Our study has limitations. Firstly, the sample size of this study is not large enough, and the threshold obtained in this study needs to be verified by a larger sample study. Secondly, the study did not link the two imaging parameters with osteoporosis-related complications, which would have ignored special populations, such as patients without osteoporosis diagnosed by DXA who had an osteoporotic compression fracture. In addition, the correlation between the two parameters and osteoporosis-related complications still needs to be further studied. Thirdly, both HU values and VBQ scores are manually selected ROIs, and there is no uniform standard similar to QCT, so these can only be used as supplementary diagnostic tools for osteoporosis.

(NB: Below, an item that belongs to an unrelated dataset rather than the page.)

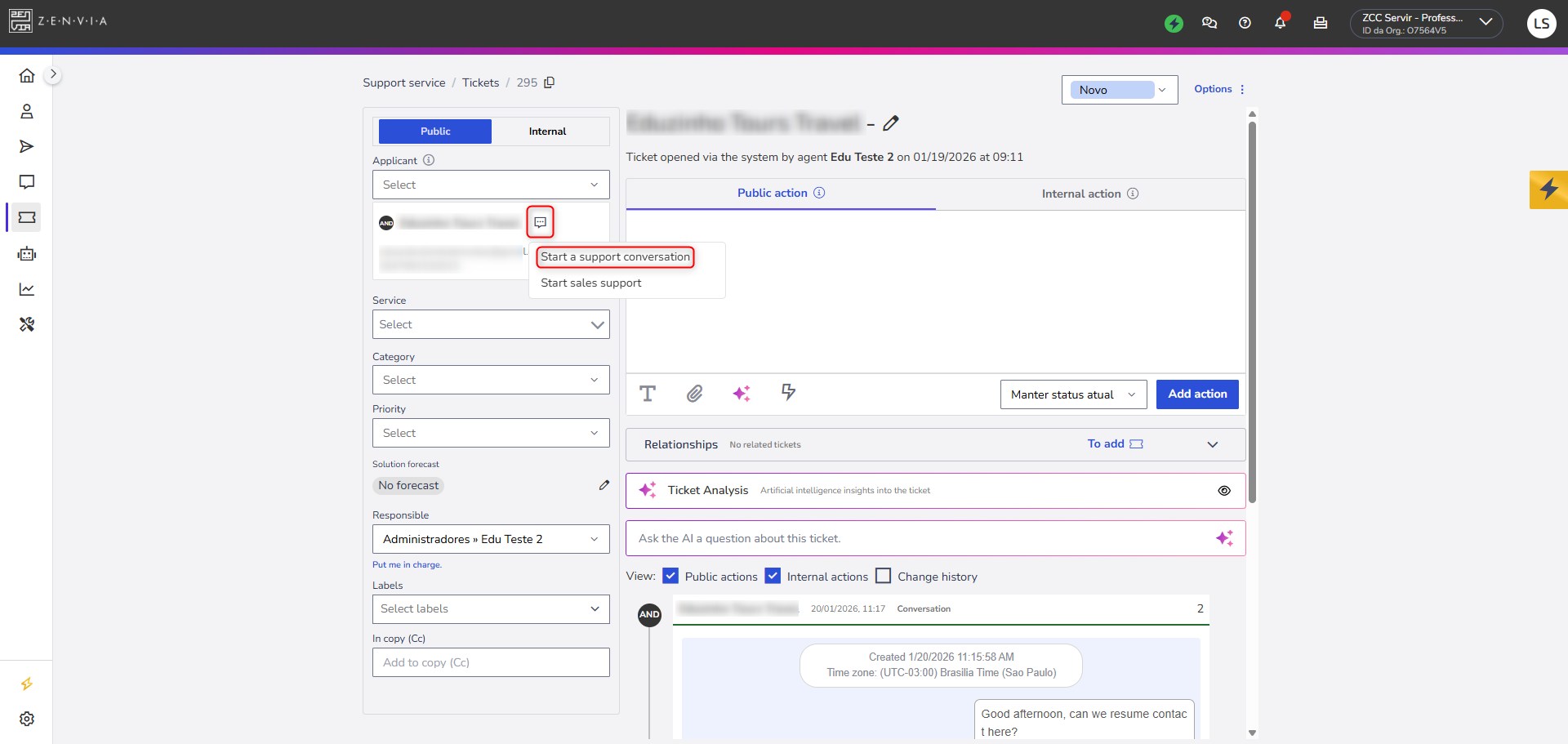 This feature is available for Agents, Advanced Agents, Operators, and Administrators who use the Support service module in Zenvia Customer Cloud.
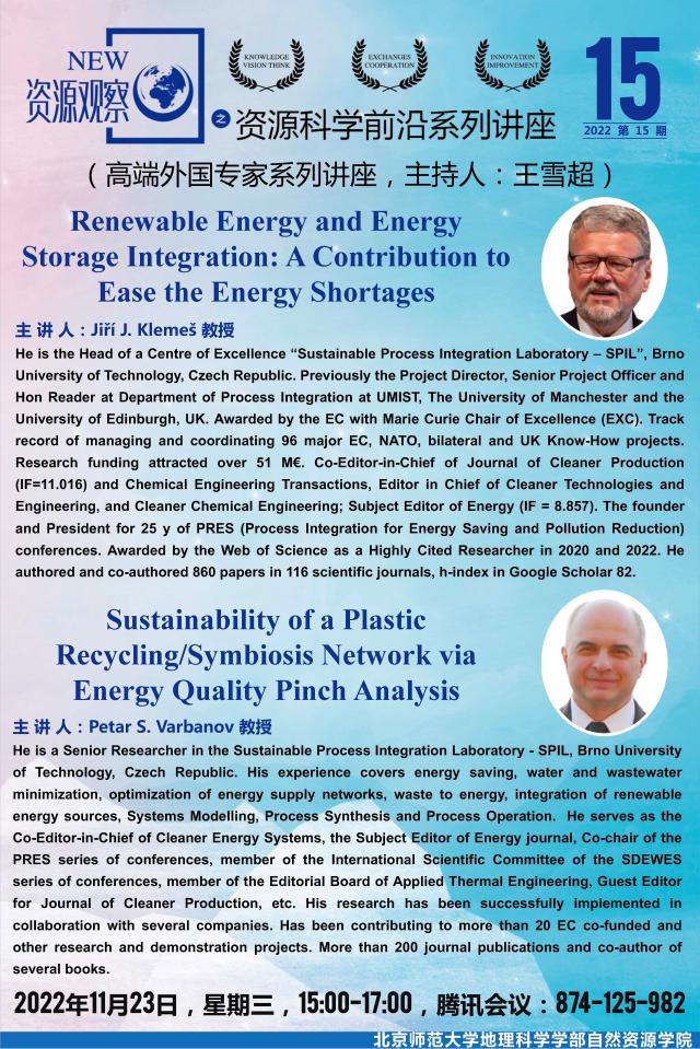 【11月23日讲座】Jiří J. Klemeš ,Estimating terrestrial gross primary production globally with solar-induced fluorescence ;Petar S. Varbanov,Sustainability of a Plastic Recycling/Symbiosis Network via Energy Quality Pinch Analysis

Finally, as a retrospective study, we excluded patients based on exclusion criteria, so this may be biased against real-world performance, and prospective, more comprehensive data may be needed to verify this in the future.

Conclusion

Firstly, both of the opportunistic imaging parameters could be used to assist in the diagnosis of osteoporosis, and the HU values were superior to VBQ scores in the evaluation of BMD. Secondly, different combinations of the HU values and VBQ scores could improve the specificity and sensitivity of the diagnosis of osteoporosis. Finally, these parameters at the single-segment level (LI HU value and L1 VBQ score) may be suitable for clinical use due to the same diagnostic performance as the average HU value and VBQ score and relatively simpler to measure.